Okay, holding hands was one thing. It was alright. Entwining our fingers and holding them up for the rest of the world to see? UNACCEPTABLE. I wanted to wrench my hand away. But again, I couldn't. Why? The stupid cameras would pick up on it and create so much unnecessary drama.

I manage to content myself only with scowling and glaring at Peeta pointedly.

He just shrugs and smiles.

Suddenly, I notice the district 2 tributes.

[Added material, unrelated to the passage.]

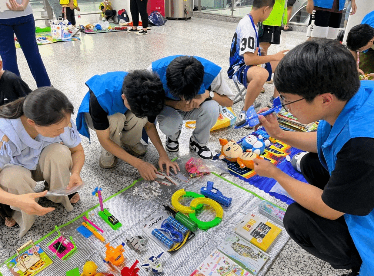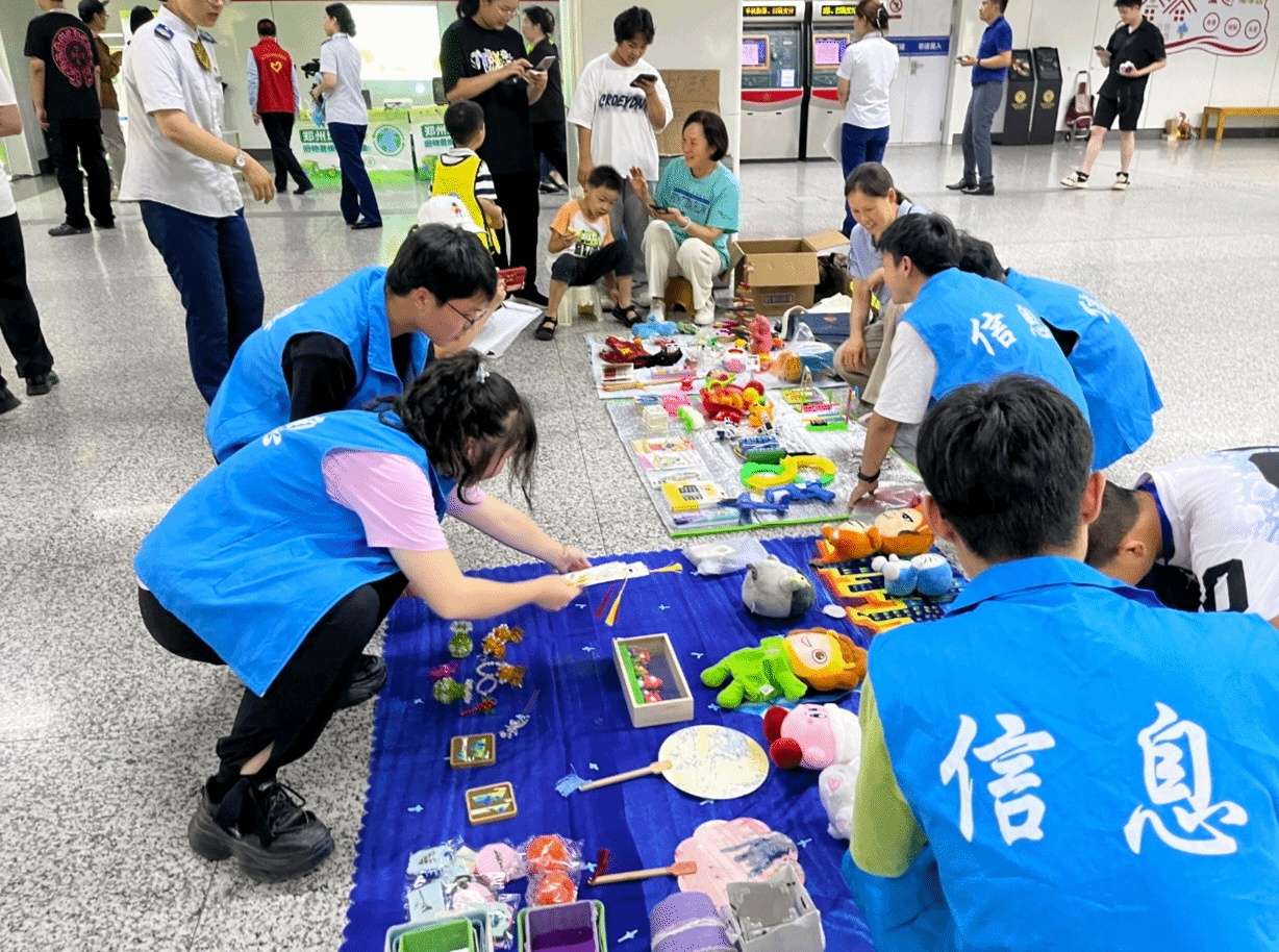 然后,随着“旧物奇遇,绿色市场”活动的正式开展,团队队员们与心智障碍者一同化身为“小小商家”,热情地向来往的乘客介绍着摊位上的二手商品。这些商品种类繁多,从书籍、文具到生活用品,每一件都承载着前主人的记忆与故事。通过交换物品的方式,大家不仅找到了自己心仪的物品,更在无形中传递了环保与节约的理念。而心智障碍者们在参与售卖的过程中,也逐渐学会了与人交流、协商价格等社会技能,他们的脸上洋溢着前所未有的自信与快乐。在团队队员和汇爱社工的鼓励下,他们勇敢地走出自己的舒适区,主动向乘客们推销商品。这一幕幕温馨而感人的画面,让在场的每一个人都深受触动。

They're dressed in some kind of gold armour, and they look absolutely intimidating. The blonde brute has his arms crossed, and is wearing a cold, arrogant smirk. His blue eyes are icy, and they make me feel as if he's exploiting my weaknesses, making me his next target. I can picture many girls back home gushing over him.

Ugh.

The girl next to him is petite in comparison, but what she lacks in size, she makes up for in viciousness. She wears a matching smirk, the same as her district partner. She also has a sly, pissed off look in her eyes. I get the feeling that she wasn't someone you would want as an enemy.

Unless, of course, you're on a suicide mission.

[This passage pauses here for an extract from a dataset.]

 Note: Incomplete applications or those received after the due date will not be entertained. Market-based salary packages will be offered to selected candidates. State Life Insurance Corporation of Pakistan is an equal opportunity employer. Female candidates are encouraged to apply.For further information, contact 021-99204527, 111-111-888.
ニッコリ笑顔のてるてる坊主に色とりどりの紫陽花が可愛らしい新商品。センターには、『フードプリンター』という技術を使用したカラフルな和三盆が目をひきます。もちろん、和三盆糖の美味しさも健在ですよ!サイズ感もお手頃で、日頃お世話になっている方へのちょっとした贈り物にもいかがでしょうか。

Suddenly, the boy from two whips around and our eyes connect. The feeling is chilling because I feel like he can see through me, and into what I really am. Why should I worry? It's not like I'm a bad person!

No, you are only prepared to let Peeta die so you can save your sister... A quiet voice in the back of my mind says.

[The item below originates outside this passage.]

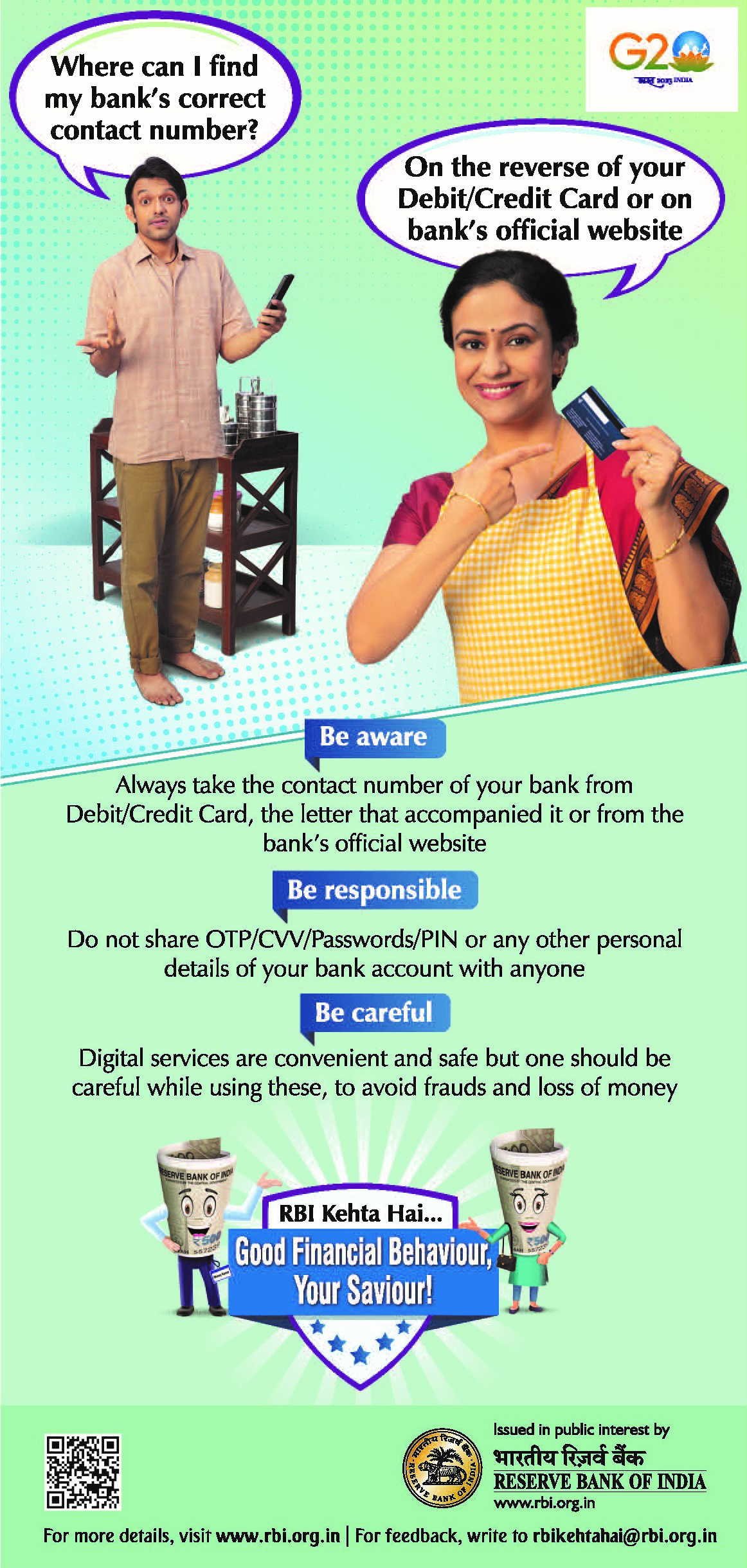 The Reserve Bank of India has released the Third Edition of the FAME (Financial Awareness Messages) booklet that intends to provide basic financial literacy messages for the information of the general public. The booklet contains twenty institution/product neutral financial awareness messages, propagating relevant messages across the four themes of Financial Competencies, Basic Banking, Digital Financial Literacy and Consumer Protection.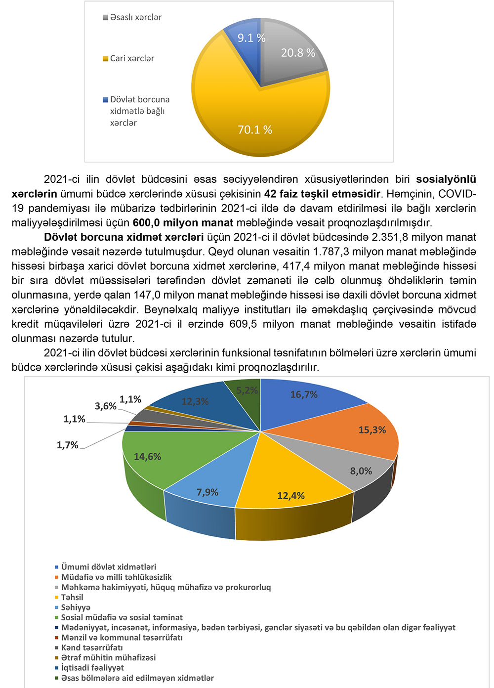 2021-ci ildə dövlət büdcəsinin xərcləri 25 milyard 847 milyon 500 min manat məbləğində proqnozlaşdırılır. Xərclərin 18 milyard 106 milyon 600 min manat və ya 70,1 faizini cari xərclər, 5 milyard 389 milyon 100 min manat və ya 20,8 faizini əsaslı xərclər, 2 milyard 351 milyon 800 min manat və ya 9,1 faizini dövlət borcuna və öhdəliklərinə xidmətlə bağlı xərclər təşkil edir.

I grimace. Sometimes, I really wish my own brain had a button that said, 'Shut Up' on it. No such luck though. Clearly, evolution still had some unfinished work to complete.

We both stare at each other and it turns into a contest of who will flinch, blink, or look away first. I am determined that it won't be me. I need to show him that I am better than him, and that not everyone worships the ground he walks on, despite what he thinks.

My eyes begin to water.

I refuse to look away.

I force my eyes to stay open.

And just when I think I will blink, Peeta nudges me, giving me the perfect excuse to turn away without looking weak.

"What?" I say, feeling an unexpected gratitude at the save.

"Why are you looking at two like that?" He demands looking slightly confused,

"I'm not, I just thought that he was trying to intimidate me, and that I needed to show him who was better!" I barely manage to restrain myself from snapping at him.

Peeta just shrugs, and turns away, so I resume looking at district 2. I find that he still doesn't seem to have looked away. We both keep staring, until the loud, booming voice of Claudius Templesmith distracts us.